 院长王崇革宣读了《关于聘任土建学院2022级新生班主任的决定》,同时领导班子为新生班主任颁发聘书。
...
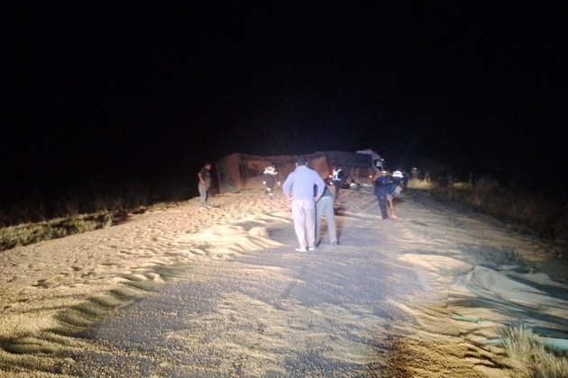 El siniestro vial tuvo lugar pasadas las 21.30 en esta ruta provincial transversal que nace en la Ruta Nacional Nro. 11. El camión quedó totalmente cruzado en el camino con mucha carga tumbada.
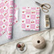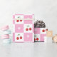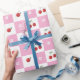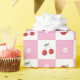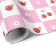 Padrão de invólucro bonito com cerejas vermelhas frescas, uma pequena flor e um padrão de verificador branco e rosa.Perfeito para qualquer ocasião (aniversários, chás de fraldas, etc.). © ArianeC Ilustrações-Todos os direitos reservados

WORK TASK: Above are entries with pictures among them. Write out exactly the lines from the one containing "El siniestro vial" through the one containing "Padrão de invólucro", ends included, and leave those pictures out.

ANSWER SPACE:
 El siniestro vial tuvo lugar pasadas las 21.30 en esta ruta provincial transversal que nace en la Ruta Nacional Nro. 11. El camión quedó totalmente cruzado en el camino con mucha carga tumbada.
 Padrão de invólucro bonito com cerejas vermelhas frescas, uma pequena flor e um padrão de verificador branco e rosa.Perfeito para qualquer ocasião (aniversários, chás de fraldas, etc.). © ArianeC Ilustrações-Todos os direitos reservados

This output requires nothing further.